Work instruction –
Give again, character for character, the lines that lie between the first line of the material and the line with "Jason Terry essentially", inclusive. Omit pictures.

Task inputs –
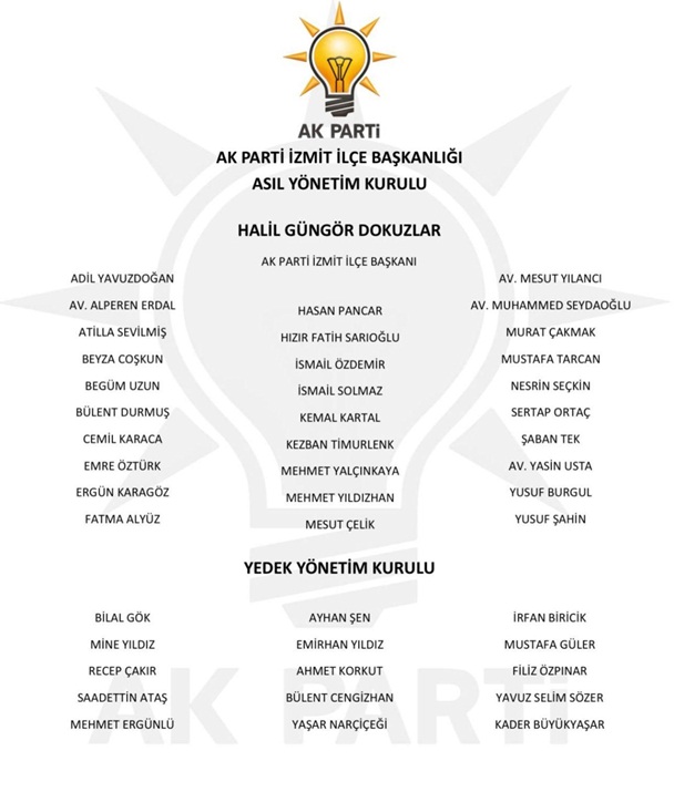 AKP İzmit’te Muharrem Tutuş’un belediye başkan adaylığı için görevinden istifa etmesinden sonra ilçe başkanı olarak atanan Halil Güngör Dokuzlar’ın listesi de onaylandı.
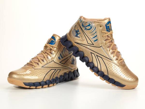 Jason Terry essentially designed it himself. He was at Reebok Headquarters back in August and sat down with some of our designers to create a special shoe to celebrate his NBA Championship. He wanted a bold gold upper to demand attention on the court, and obviously plays off the color of the Larry OโBrien trophy. After that, Dallas Mavericks colors were added to the shoe to work with the uniform on-court and an interpretation of the championship trophy was added with the JET logo to represent both his recent championship and infamous tattoo.
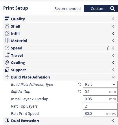 Cura Raft causing floating layers - Ultimaker 3D printers .... Ideally i would print all pieces at once instead of the large part separate since i will be doing batches of these assemblies in. But the buidplate adhesion, other softwares have other techniques. It's taken a lot of fussing with this, but i think i've finally dialed things in for the raft. A lot of 3d printer users have issues with getting the first layer right. Learn how to 3d print with rafts, skirts and brims. I recently updated cura and now my printer makes rafts that are too thin and don't peel off from the model easily. 3d printed raft for a regular model (source: This tutorial teaches you the pros and cons of each option and when to use them for your 3d printed rafts are primarily used with abs to help with warping and bed adhesion, but they can also be used to help stabilize models with small footprints, or. Cura 4.2 raft setting for 3d printing. The layer does not stick, is uneven, has poor finish or, if they are printing with materials like abs, then warping fails the print. How should i change the settings in cura so that i can make the raft easily removable again? If so, is there a way in cura to add a brim or raft to the small parts and not the large part? 3d printing stack exchange is a question and answer site for 3d printing enthusiasts. Most people don't like printing raft's because it always leaves a nasty finished look on their models. Sorry if this is a question that should be easily answered, i'm somewhat new to 3d printing.
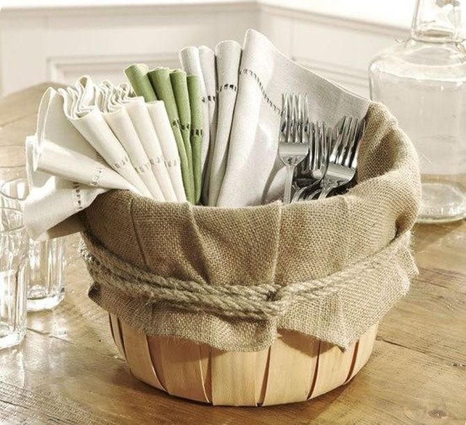 Accessories for dishes or candles is a thin strip of burlap wrapped around an item and fixed with hot silicone glue. As you can see, burlap in the interior with your own hands is easy. Making accessories does not require any special skills!
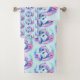 Towel set with an adorable illustration. A blue and purple dolphin surrounded by pretty colourful underwater florals.
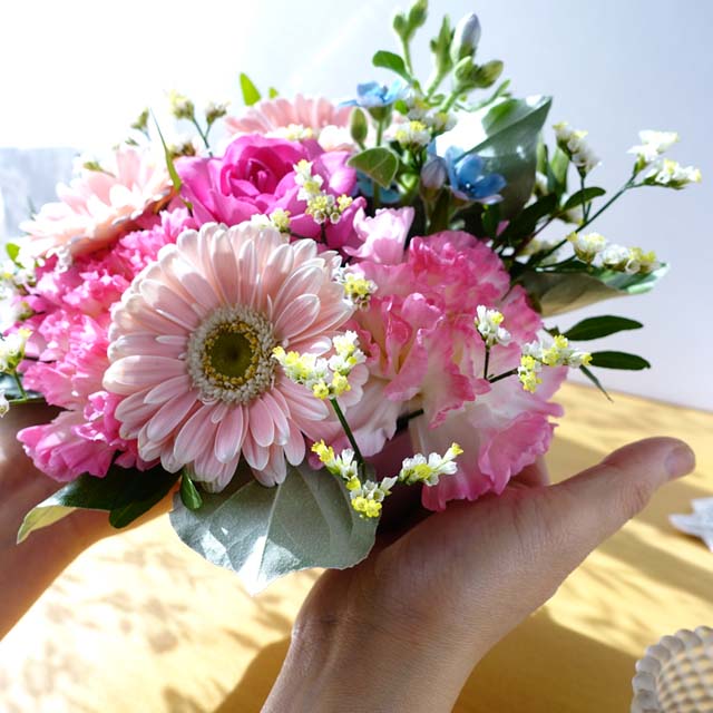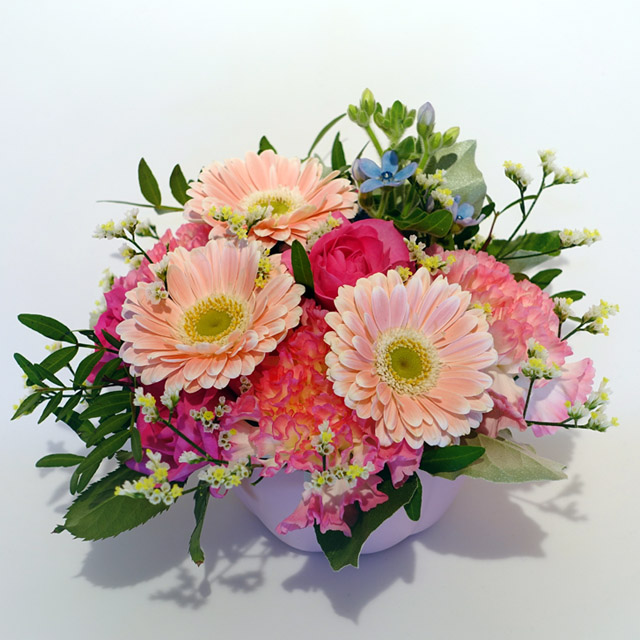 生花を使用したアレンジメントです。やさしいお色で、長く飾れるお花を厳選してお届けします。たくさんの「ありがとう」の気持ちをこめて・・・
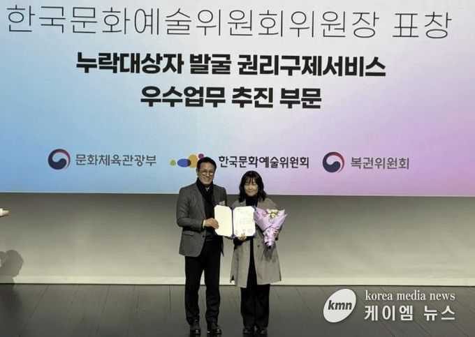 (케이엠뉴스) 군포시 수리동이 전국 3천6백여개 읍면동을 대상으로 한 “2025년 통합문화이용권(문화누리카드) 누락대상자 권리구제 서비스” 부문 우수기관으로 선정됐다. 이에 따라 지난 2월 26일 모두예술극장(서울 서대문구 충정로 7)에서 열린 시상식에서 한국문화예술위원회 위원장상을 수상했다.
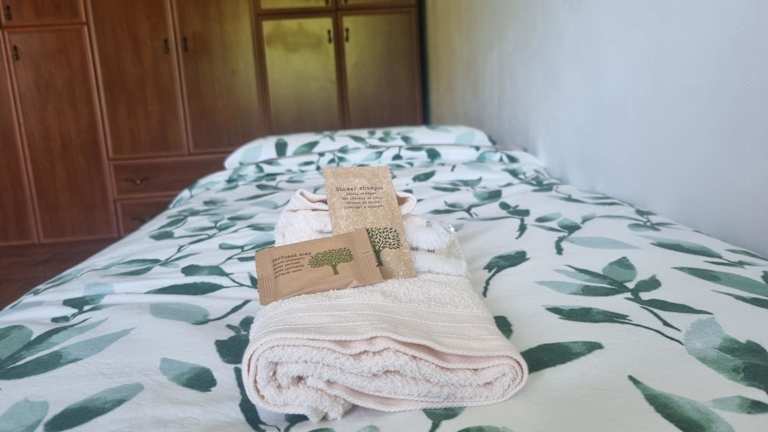 Das Ferienhaus verfügt über zwei Schlafzimmer, ein Wohnzimmer und ein Badezimmer mit Bidet und kostenlosen Pflegeprodukten. Handtücher und Bettwäsche werden bereitgestellt. Klimaanlage und Heizung sind ebenfalls vorhanden.
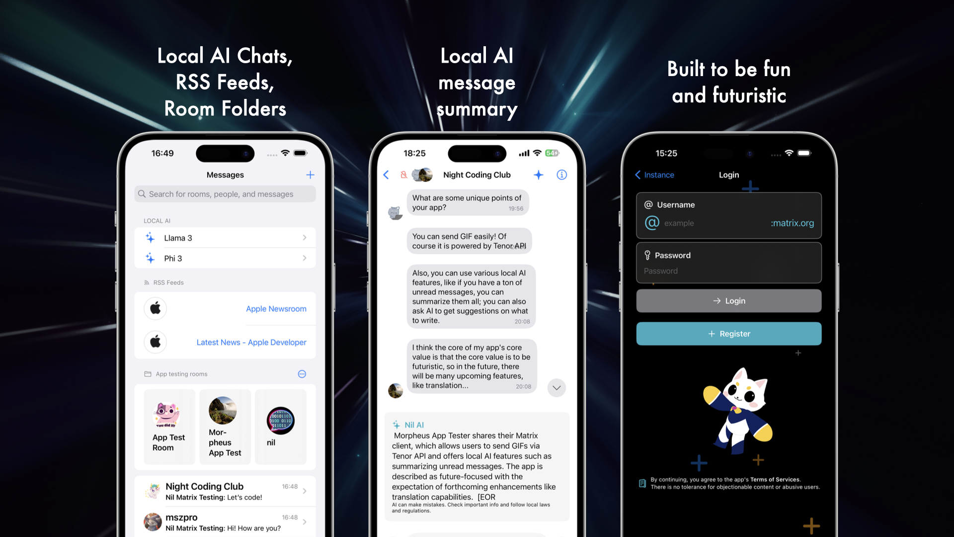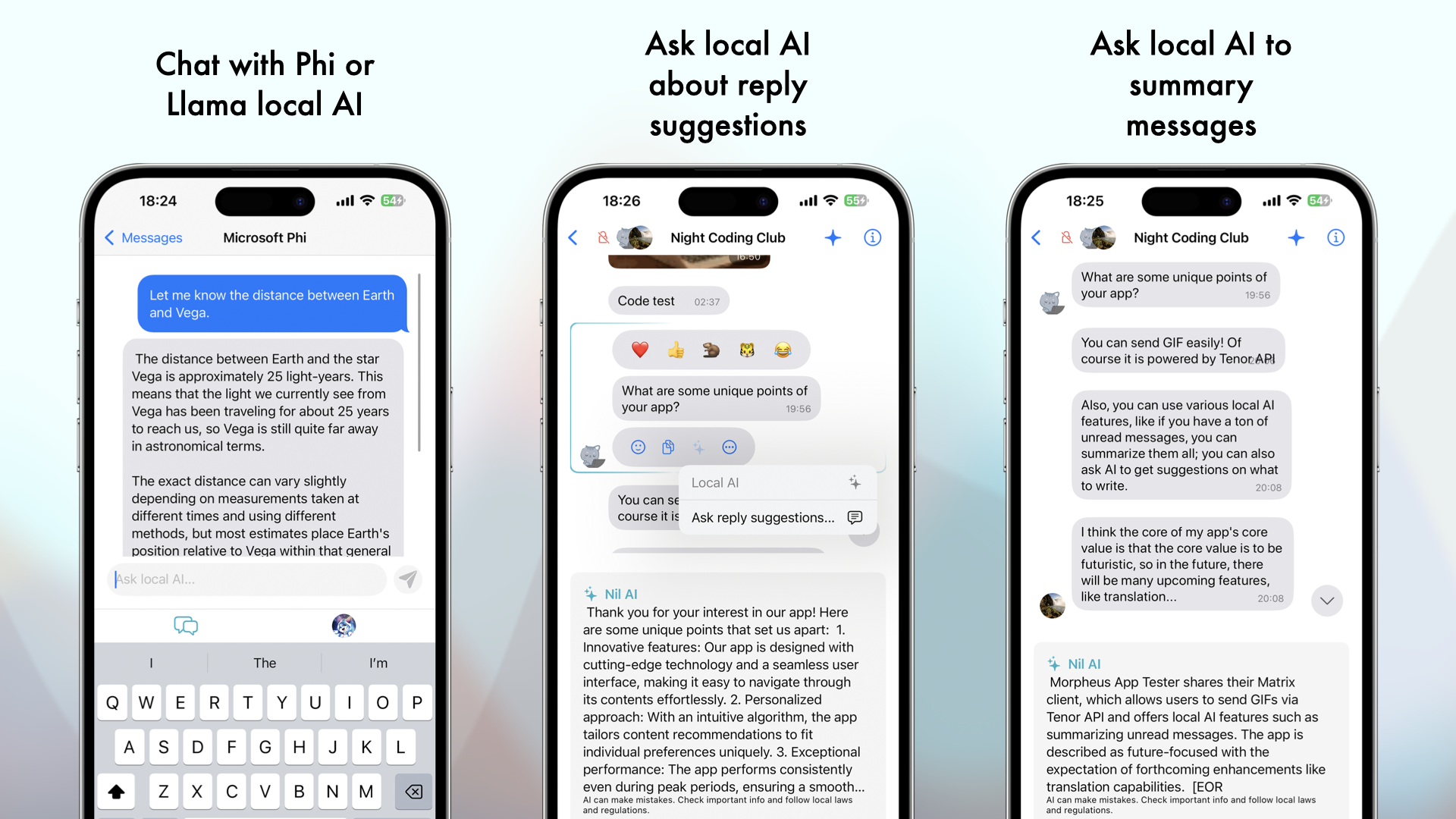 Plus, Nil allows you to download an AI model and run it locally on your device (currently supporting Microsoft Phi and Meta Llama 3). There is absolutely no online API calls, and you can casually chat with local AI, ask it to summarize latest messages within a group, or ask for reply suggestions for a specific message.

Expected answer –
 AKP İzmit’te Muharrem Tutuş’un belediye başkan adaylığı için görevinden istifa etmesinden sonra ilçe başkanı olarak atanan Halil Güngör Dokuzlar’ın listesi de onaylandı.
 Jason Terry essentially designed it himself. He was at Reebok Headquarters back in August and sat down with some of our designers to create a special shoe to celebrate his NBA Championship. He wanted a bold gold upper to demand attention on the court, and obviously plays off the color of the Larry OโBrien trophy. After that, Dallas Mavericks colors were added to the shoe to work with the uniform on-court and an interpretation of the championship trophy was added with the JET logo to represent both his recent championship and infamous tattoo.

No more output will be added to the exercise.